The present disclosure relates to a light emitting diode (LED) package including a lens, and more particularly, to an LED package capable of controlling a radiation angle pattern through a lens.

The light emitting diode (LED) market has grown based on a low-power LED used in keypads of portable communication apparatuses such as mobile phones, or small-size electric home appliances, and back light units (BLUs) of liquid crystal displays (LCDs). In recent years, as the necessity of high-power and high-efficiency light sources used in interior lighting, exterior lighting, automobile interior/exterior decoration, and BLUs of large-size LCD arises, the focus of the LED market is also shifting to high-power products.

A spherical light emitting having the same flux at all solid angles is ideal in a radiation angle pattern of an LED chip, but an actual radiation angle pattern becomes biased to a specific region. Thus, since light is intensively irradiated on a certain phosphor coating region in an LED package, and light is hardly irradiated on other phosphor coating regions, this becomes the cause of reduction of the optical conversion efficiency due to phosphor.

In application fields that require an LED package having a broad radiation angle pattern like BLU, lighting, and streetlight, the LED package includes a package lens covering an LED chip to show a high efficiency. The radiation angle pattern of the LED package is adjusted through such a package lens.

FIGS. 1 through 3 are diagrams illustrating radiation angle patterns of light emitting diode (LED) packages including related art package lenses.

As shown in FIGS. 1 through 3, light emitting from an LED chip 10 is emitted to the outside through package lenses 20, 30 and 40. In the package lens 20 shown in FIG. 1, the radiation angle pattern has a lambertian distribution. In the package lens 30 shown in FIG. 2, the radiation angle pattern has a batwing distribution. In the package lens 40 shown in FIG. 3, the radiation angle pattern has a side-emitting distribution.

Thus, if the package lenses are used, the radiation angle pattern of the LED package can be adjusted. However, if the radiation angle pattern of the LED chip and the shape of the lens do not match each other, the optical efficiency may be reduced by the package lenses.

SUMMARY

The present disclosure provides a light emitting diode (LED) package having a desired radiation angle pattern without a reduction of the optical efficiency even when a package lens is used.

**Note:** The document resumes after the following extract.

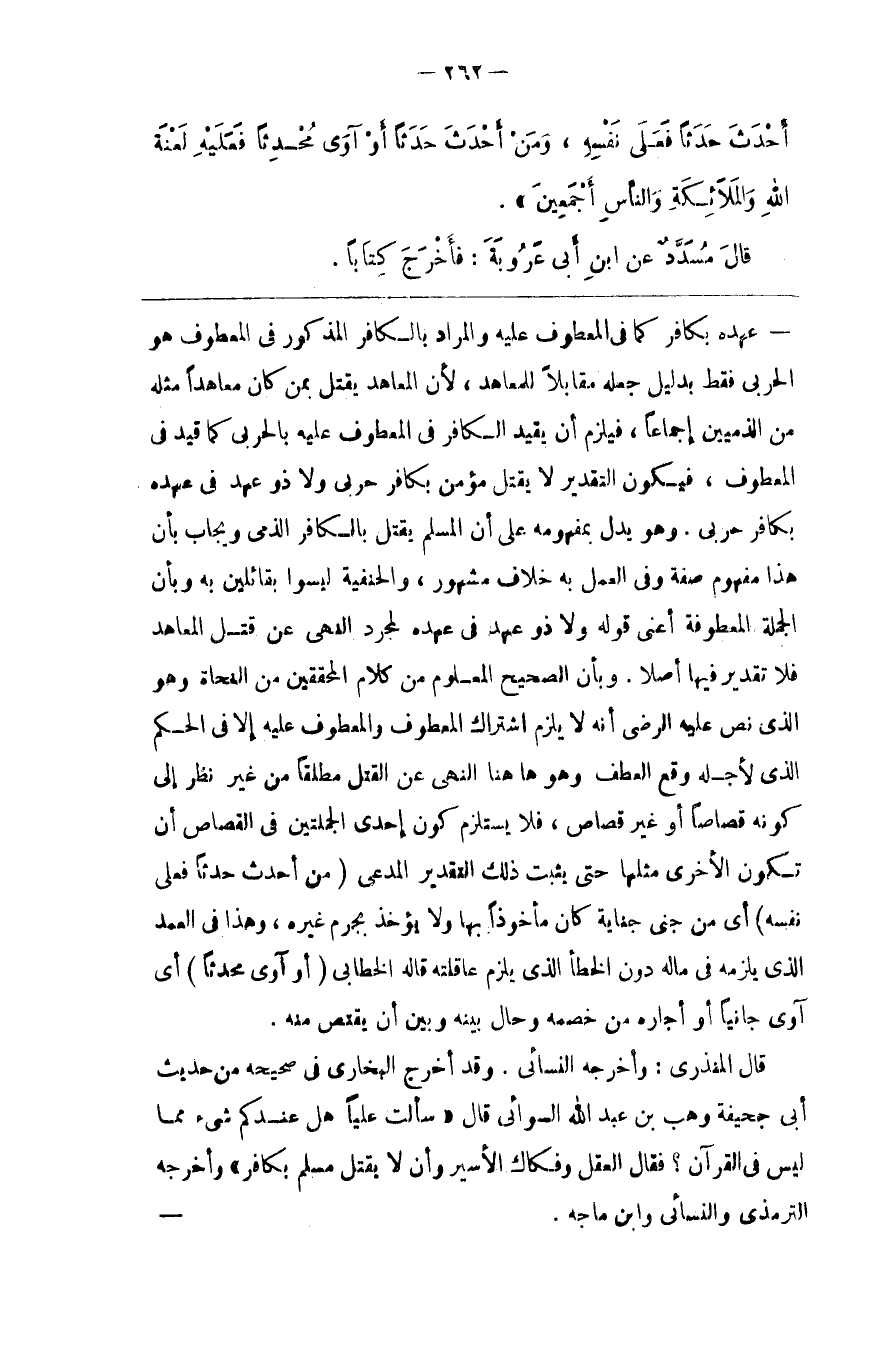 عَهْده بِكَافِرٍ كَمَا فِي الْمَعْطُوف عَلَيْهِ وَالْمُرَاد بِالْكَافِرِ الْمَذْكُور فِي الْمَعْطُوف هُوَ الْحَرْبِيّ فَقَطْ بِدَلِيلِ جَعْله مُقَابِلًا لِلْمُعَاهَدِ ، لِأَنَّ الْمُعَاهَد يُقْتَل بِمَنْ كَانَ مُعَاهَدًا مِثْله مِنْ الذِّمِّيِّينَ إِجْمَاعًا ، فَيَلْزَم أَنْ يُقَيَّد الْكَافِر فِي الْمَعْطُوف عَلَيْهِ بِالْحَرْبِيِّ كَمَا قُيِّدَ فِي الْمَعْطُوف ، فَيَكُون التَّقْدِير لَا يُقْتَل مُؤْمِن بِكَافِرٍ حَرْبِيّ وَلَا ذُو عَهْد فِي عَهْده بِكَافِرٍ حَرْبِيّ . وَهُوَ يَدُلّ بِمَفْهُومِهِ عَلَى أَنَّ الْمُسْلِم يُقْتَل بِالْكَافِرِ الذِّمِّيّ وَيُجَاب بِأَنَّ هَذَا مَفْهُوم صِفَة وَفِي الْعَمَل بِهِ خِلَاف مَشْهُور ، وَالْحَنَفِيَّة لَيْسُوا بِقَائِلِينَ بِهِ وَبِأَنَّ الْجُمْلَة الْمَعْطُوفَة أَعْنِي قَوْله وَلَا ذُو عَهْد فِي عَهْده لِمُجَرَّدِ النَّهْي عَنْ قَتْل الْمُعَاهَد فَلَا تَقْدِير فِيهَا أَصْلًا . وَبِأَنَّ الصَّحِيح الْمَعْلُوم مِنْ كَلَام الْمُحَقِّقِينَ مِنْ النُّحَاة وَهُوَ الَّذِي نَصَّ عَلَى الرِّضَى أَنَّهُ لَا يَلْزَم اِشْتَرَاك الْمَعْطُوف وَالْمَعْطُوف عَلَيْهِ إِلَّا فِي الْحُكْم الَّذِي لِأَجْلِهِ وَقَعَ الْعَطْف وَهُوَ هَا هُنَا النَّهْي عَنْ الْقَتْل مُطْلَقًا مِنْ غَيْر نَظَر إِلَى كَوْنه قِصَاصًا أَوْ غَيْر قِصَاص ، فَلَا يَسْتَلْزِم كَوْن إِحْدَى الْجُمْلَتَيْنِ فِي الْقِصَاص أَنْ تَكُون الْأُخْرَى مِثْلهَا حَتَّى يَثْبُت ذَلِكَ التَّقْدِير الْمُدَّعَى

According to an exemplary embodiment, a light emitting diode package includes: a package body; a light emitting diode chip installed in the package body; and a package lens installed in the package body to cover the light emitting diode chip, and formed to have a shape corresponding to a radiation angle pattern of the light emitting diode chip.

In some embodiments, the light emitting diode chip may include a substrate and a light emitting device disposed on the substrate, and at least one of side surfaces of the substrate may incline to a top surface of the substrate.

In other embodiments, an unevenness may be formed on the top surface of the substrate.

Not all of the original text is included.